Арка в конце зала вела в помещение, которое, должно быть, когда-то было раздевалкой в бане, а теперь служило баром. На деревянных вешалках, предназначенных для купальных халатов, теперь висели дорожные плащи посетителей, которые пили за дюжиной или около того столиков. Несмотря на то, что едва перевалило за полдень, эль и спиртные напитки лились рекой, поскольку игроки либо праздновали удачу, либо топили свои печали. В любом случае выигрывает заведение.
За рядом арок слева от себя Лукан увидел сами купальни, освещенные светом бесчисленных фонарей. Обе они были прямоугольной формы и тянулись до дальней стены на расстоянии тридцати ярдов. Мраморные колонны, выполненные в форме волн, обрамляли их с обеих сторон, поднимаясь к сводчатому потолку. Вода, которая когда-то наполняла ванны, давно исчезла, ее заменили игорные столы и колеса удачи. С первого взгляда Лукан прикинул, что за столами сидело около сотни игроков, а над их головами вился дым сигар. В похожем на пещеру помещении эхом разносились смех и проклятия, что подчеркивалось безошибочным звоном монет. Лукан испытывал искушение присоединиться к ним, его рука уже потянулась к кошельку с монетами на поясе. Пара игр не повредила бы... Он отогнал эту мысль, зная, что не может позволить удовольствию мешать делу. Не сейчас, когда каждый час может оказаться решающим. И все же он с некоторым сожалением отвернулся от ванн и направился к бару, который располагался вдоль одной из стен бывшей раздевалки.

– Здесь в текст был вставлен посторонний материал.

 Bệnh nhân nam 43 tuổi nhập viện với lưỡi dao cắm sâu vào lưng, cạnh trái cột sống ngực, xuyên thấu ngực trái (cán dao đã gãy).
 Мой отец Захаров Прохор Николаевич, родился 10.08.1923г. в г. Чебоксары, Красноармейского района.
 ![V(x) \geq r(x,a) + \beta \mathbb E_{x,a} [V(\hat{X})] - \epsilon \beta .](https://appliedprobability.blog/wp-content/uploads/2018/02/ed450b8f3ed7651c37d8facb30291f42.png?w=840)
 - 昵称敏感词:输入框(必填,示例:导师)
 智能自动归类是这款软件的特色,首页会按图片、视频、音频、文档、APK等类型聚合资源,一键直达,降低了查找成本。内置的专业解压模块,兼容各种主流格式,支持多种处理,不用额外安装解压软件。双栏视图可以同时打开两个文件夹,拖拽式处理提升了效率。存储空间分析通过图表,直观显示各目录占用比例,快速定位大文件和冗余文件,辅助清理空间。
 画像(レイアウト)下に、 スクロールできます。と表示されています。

Бармен — молодой человек, едва достигший подросткового возраста, — поднял голову, когда Лукан подошел к нему. На нем был фиолетовый жилет, на котором серебряной нитью были вышиты змея и игральные кости.
— Доброе утро... э-э, я имел в виду день, — сказал юноша, нервно сглотнув. — Э-э, сэр. Могу ли я, э-э, предложить вам...

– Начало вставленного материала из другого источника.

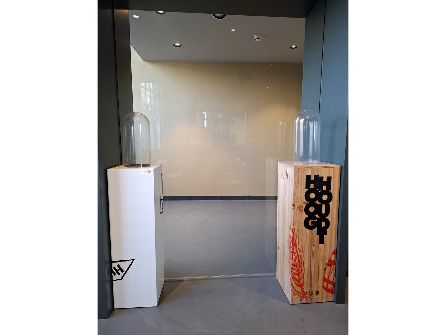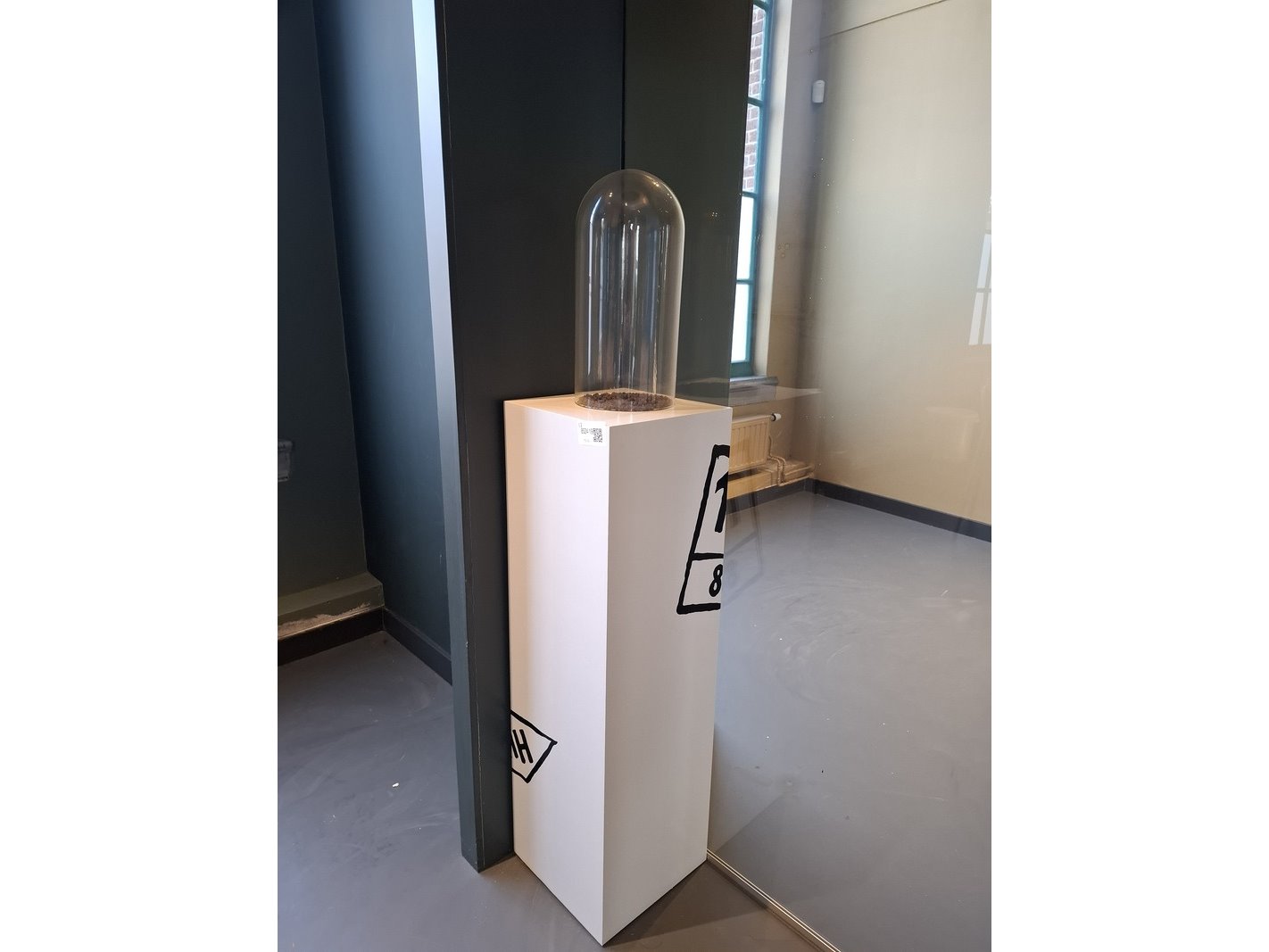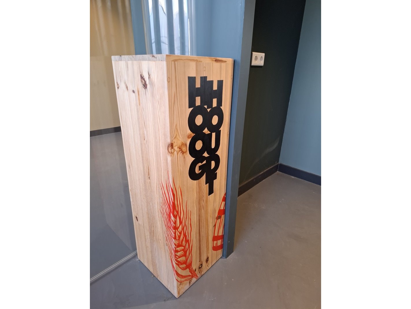 Product: Zuil / staander met stopfles Materiaal: hout Afmeting: H102 x B33 x D 33 Conditie: gebruikt
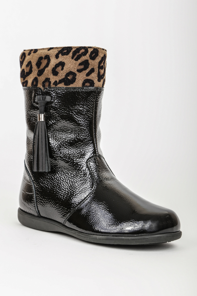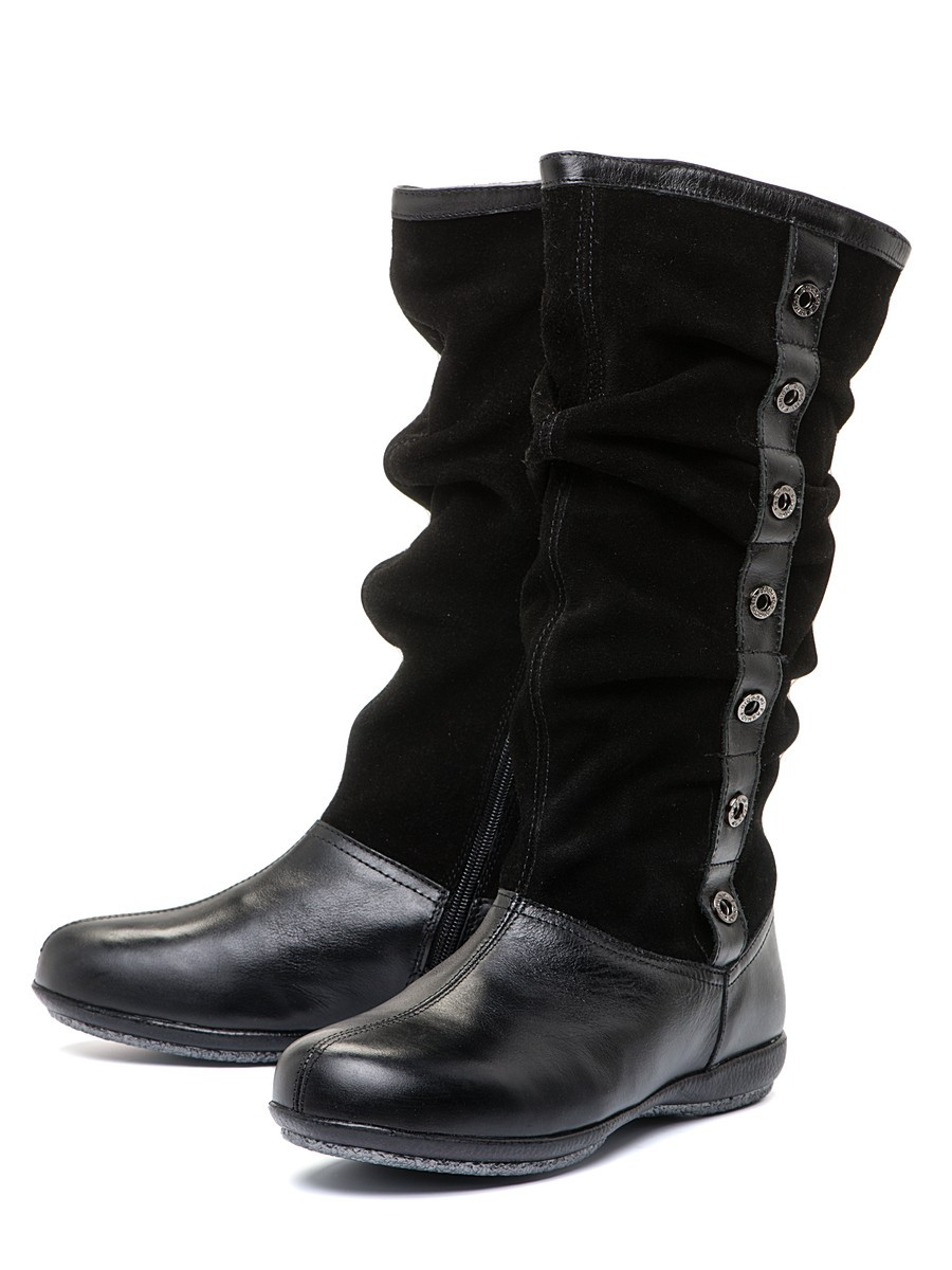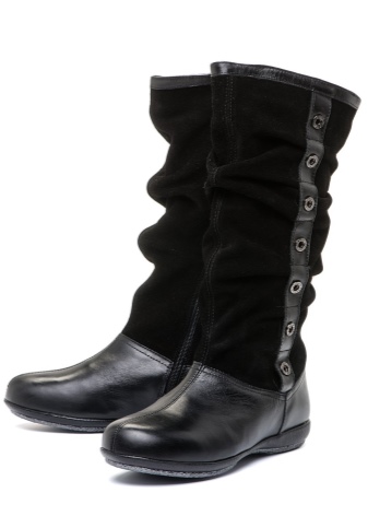 - Manufacturers of footwear for children offer a combination of leather and suede boots. This option is in demand, it is more practical and easier to maintain. Usually the bottom of the boot is made of leather, and the tops are made of suede.

— Да, выпить, — вмешался Лукан, рассудив, что в противном случае они просидят там до полуночи. — Мне серебряный парван с ломтиком лайма и... — Он взглянул на единственную посетительницу, сидевшую за стойкой, — женщину, бесцельно потягивавшую остатки своего напитка, уставившись в пространство. — Цветок сумеречной розы, — закончил он, понизив голос.
— Сумеречной розы? — громко пискнул бармен, его глаза расширились.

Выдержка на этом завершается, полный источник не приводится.